Provided entries:

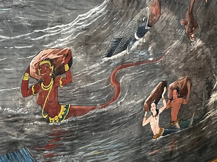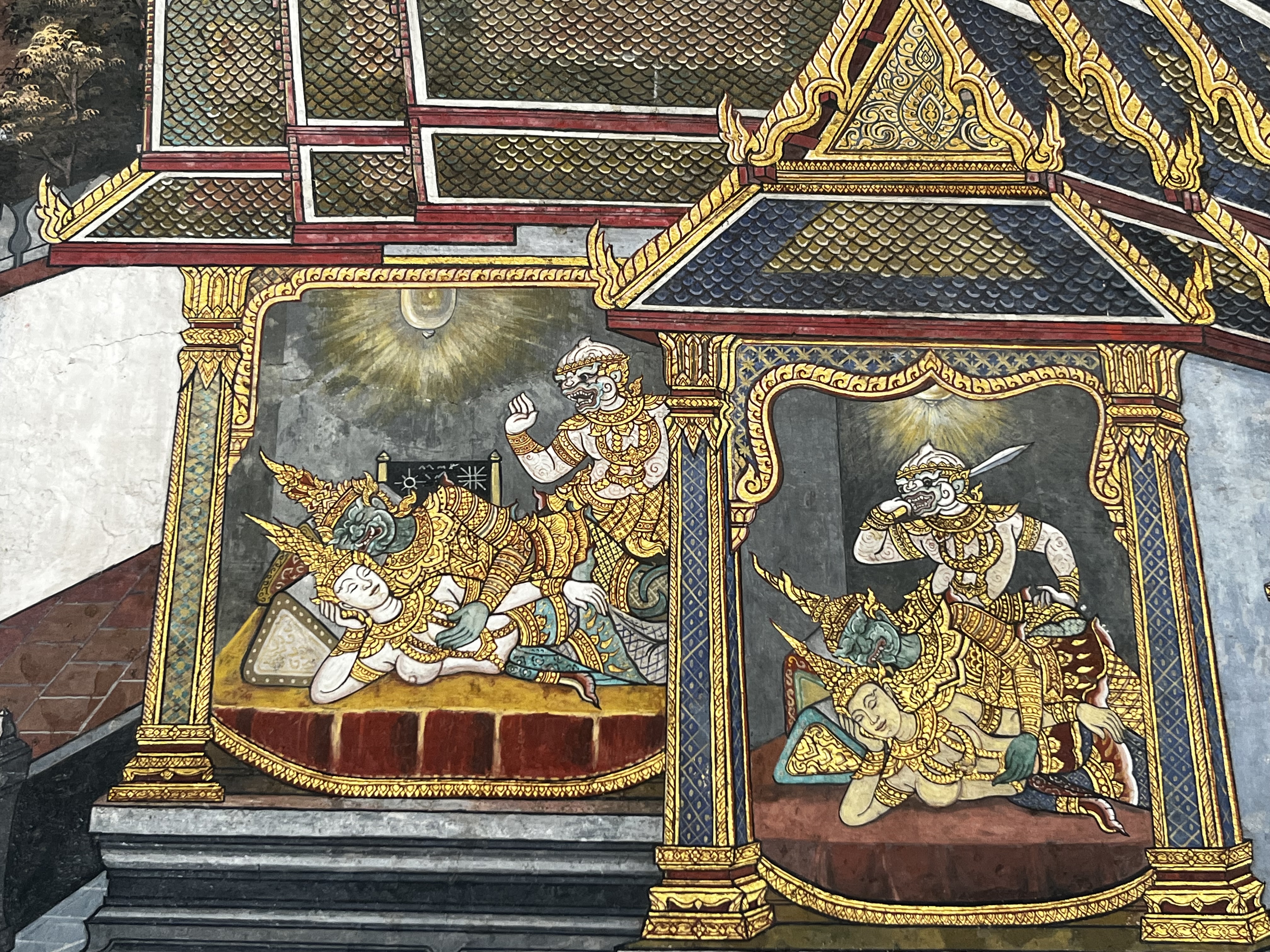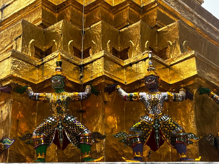 I can’t pretend to be an expert when it comes to the many stories being told through paintings, statues, and architecture at the Grand Palace. But I’m certain it’s action-packed, full of adventure, and very much otherworldly. Creatures are half-human and half-fish, half-elephant, half-fantasy. There’s struggle. There’s determination. There’s victory. There are feats of great strength and acts of great love. Religious conviction is tested and devotion is proven.
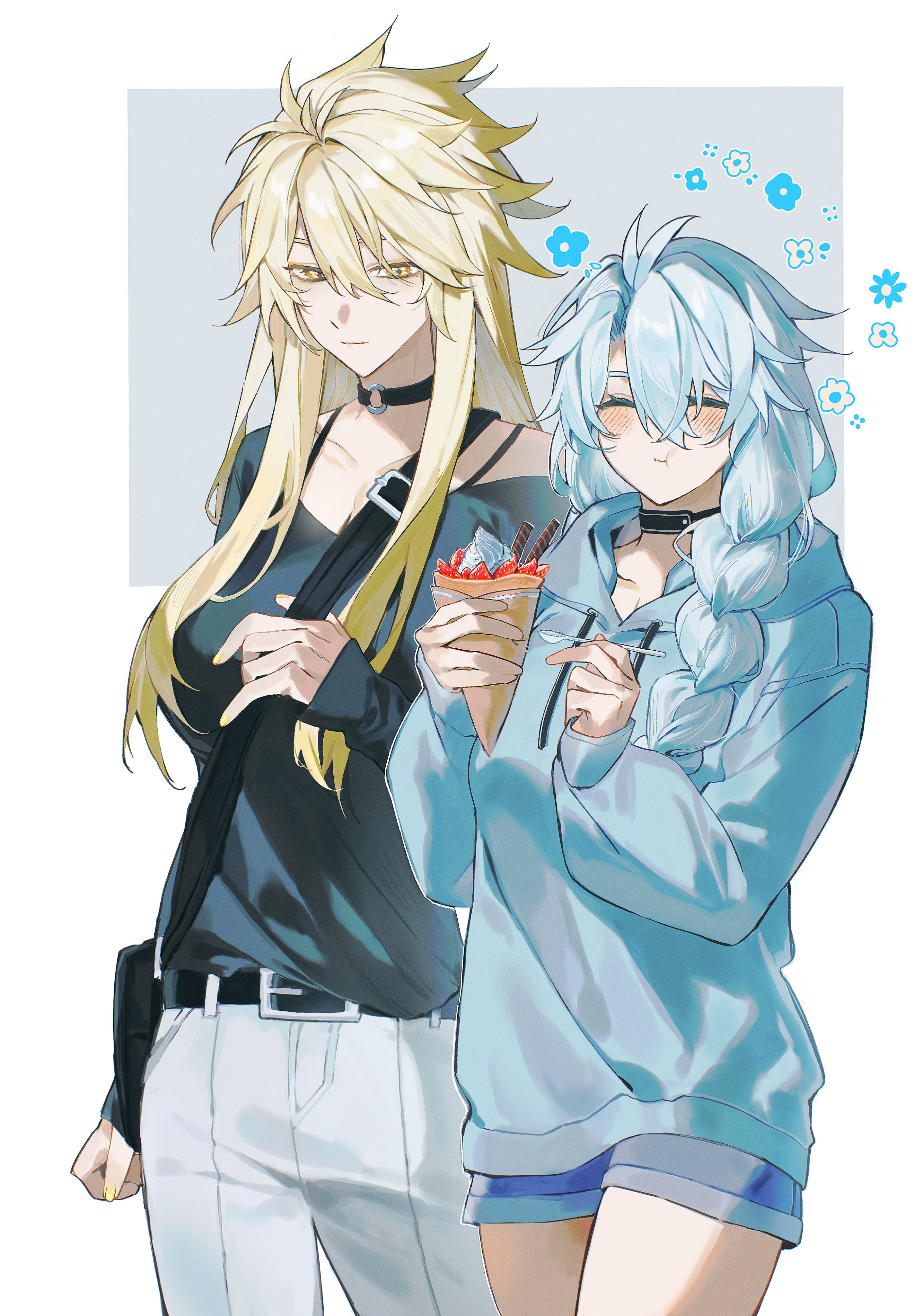 2girlsalternate costumeantenna hairbagbeltblonde hairblushbraidchokerclosed eyesflowerfoodgenderswapgenderswap (mtf)holdingholding foodholding spoonhoodhoodieiqjwyns1616multiple girlspantsshirtshort hairshortsshoulder bagsimple backgroundspiked hairspoonvery short hairwhite hairyellow eyes
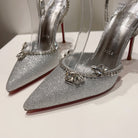 CL Marykate Queen 100MM Pumps Crystal-Embellished Glitter Silver
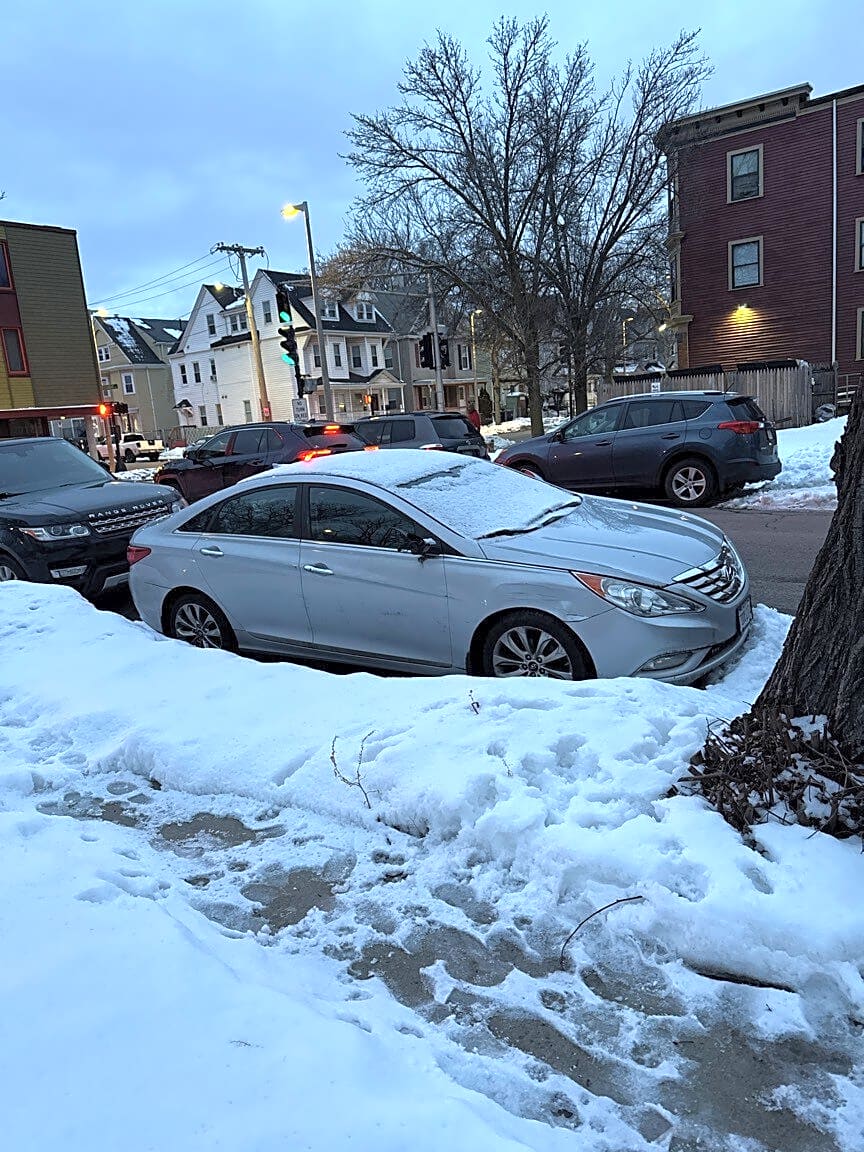 8 Bellevue St, Dorchester, Ma, 02125Vehicle parked on corner of Bellevue street at corner of columbia road in no parking zone in snow making it difficult for vehicles to trip green light resulting in vehicles to run red light
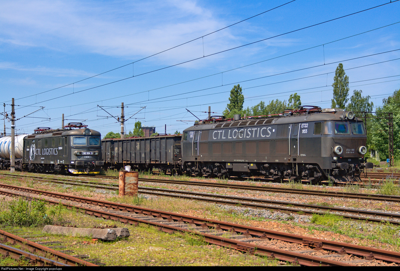 | ET22-955 (Pafawag 201E, 1985) with gondolas and 182 034 (Skoda 59E, 1963) with tank cars waiting for departure signal at Lodz Olechow yard. |
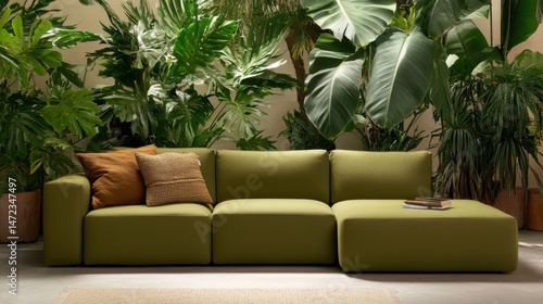 Modern sectional sofa in cozy living room, lush greenery surrounding, inviting and comfortable atmosphere, perfect for relaxation.
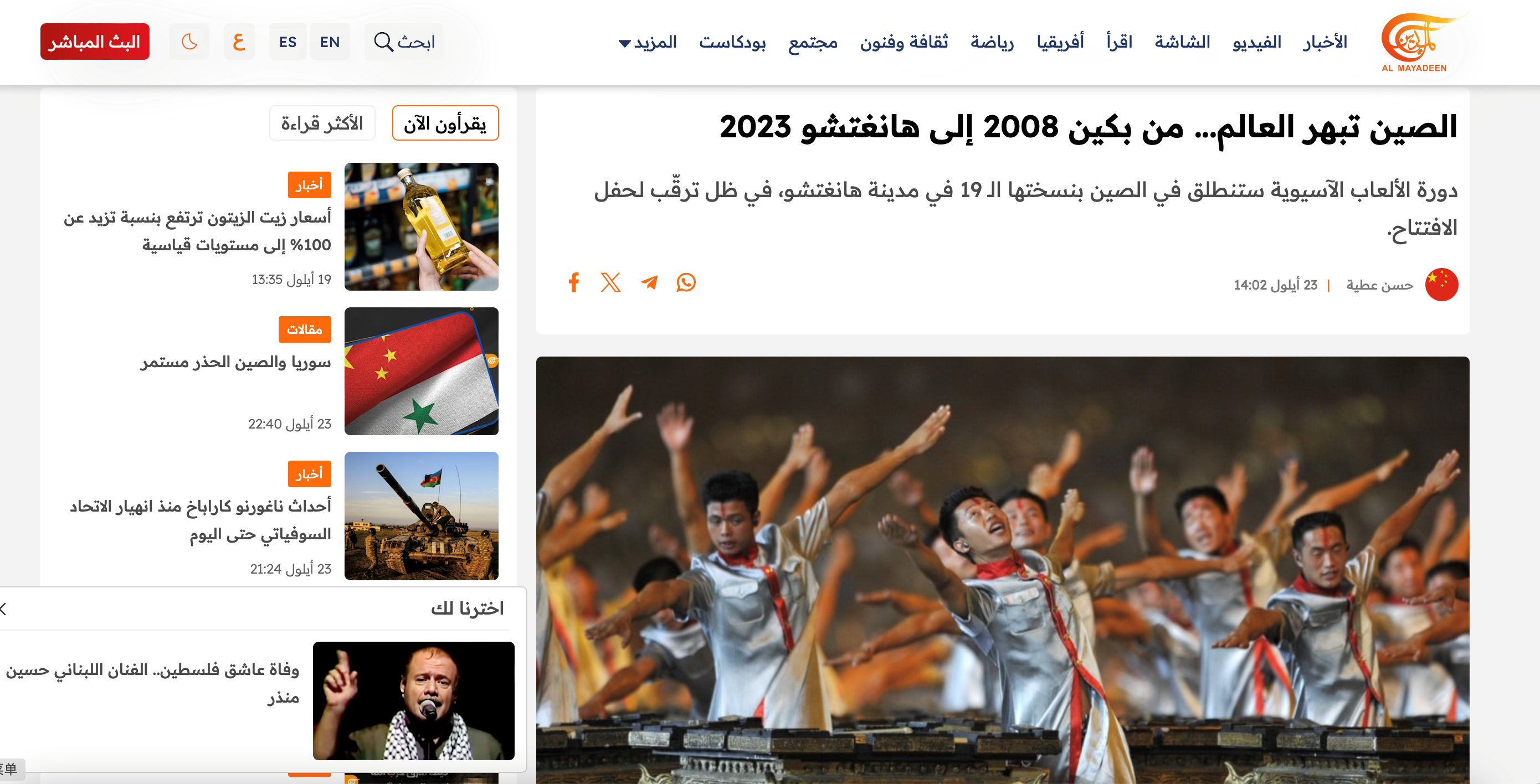 9月23日晚,第十九屆亞洲運(yùn)動(dòng)會(huì)在中國(guó)浙江省杭州市拉開帷幕。當(dāng)晚開始,中東各大媒體就頻繁聚焦開幕盛況,第一時(shí)間播發(fā)報(bào)道。
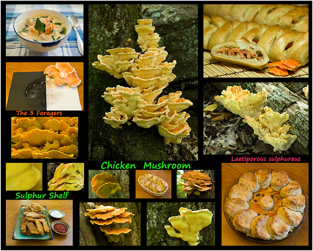 We find our chicken mushrooms (Laetiporus sulphureus) more often in the fall, but they can be found starting in the spring, though the summer, and into autumn. Our orange and yellow chicken mushroom can be a large specimen, providing huge amounts of food when the fungus is still young and tender. When the shelves are cut, they should ooze a little liquid and be juicy. Old, crumbly and bleached and faded chicken mushroom will taste like sawdust, and no amount of cooking or boiling will remedy that.

Task objective:
When you reproduce the data shown above, keep each line exact and omit every picture.

Exercise output:
 I can’t pretend to be an expert when it comes to the many stories being told through paintings, statues, and architecture at the Grand Palace. But I’m certain it’s action-packed, full of adventure, and very much otherworldly. Creatures are half-human and half-fish, half-elephant, half-fantasy. There’s struggle. There’s determination. There’s victory. There are feats of great strength and acts of great love. Religious conviction is tested and devotion is proven.
 2girlsalternate costumeantenna hairbagbeltblonde hairblushbraidchokerclosed eyesflowerfoodgenderswapgenderswap (mtf)holdingholding foodholding spoonhoodhoodieiqjwyns1616multiple girlspantsshirtshort hairshortsshoulder bagsimple backgroundspiked hairspoonvery short hairwhite hairyellow eyes
 CL Marykate Queen 100MM Pumps Crystal-Embellished Glitter Silver
 8 Bellevue St, Dorchester, Ma, 02125Vehicle parked on corner of Bellevue street at corner of columbia road in no parking zone in snow making it difficult for vehicles to trip green light resulting in vehicles to run red light
 | ET22-955 (Pafawag 201E, 1985) with gondolas and 182 034 (Skoda 59E, 1963) with tank cars waiting for departure signal at Lodz Olechow yard. |
 Modern sectional sofa in cozy living room, lush greenery surrounding, inviting and comfortable atmosphere, perfect for relaxation.
 9月23日晚,第十九屆亞洲運(yùn)動(dòng)會(huì)在中國(guó)浙江省杭州市拉開帷幕。當(dāng)晚開始,中東各大媒體就頻繁聚焦開幕盛況,第一時(shí)間播發(fā)報(bào)道。
 We find our chicken mushrooms (Laetiporus sulphureus) more often in the fall, but they can be found starting in the spring, though the summer, and into autumn. Our orange and yellow chicken mushroom can be a large specimen, providing huge amounts of food when the fungus is still young and tender. When the shelves are cut, they should ooze a little liquid and be juicy. Old, crumbly and bleached and faded chicken mushroom will taste like sawdust, and no amount of cooking or boiling will remedy that.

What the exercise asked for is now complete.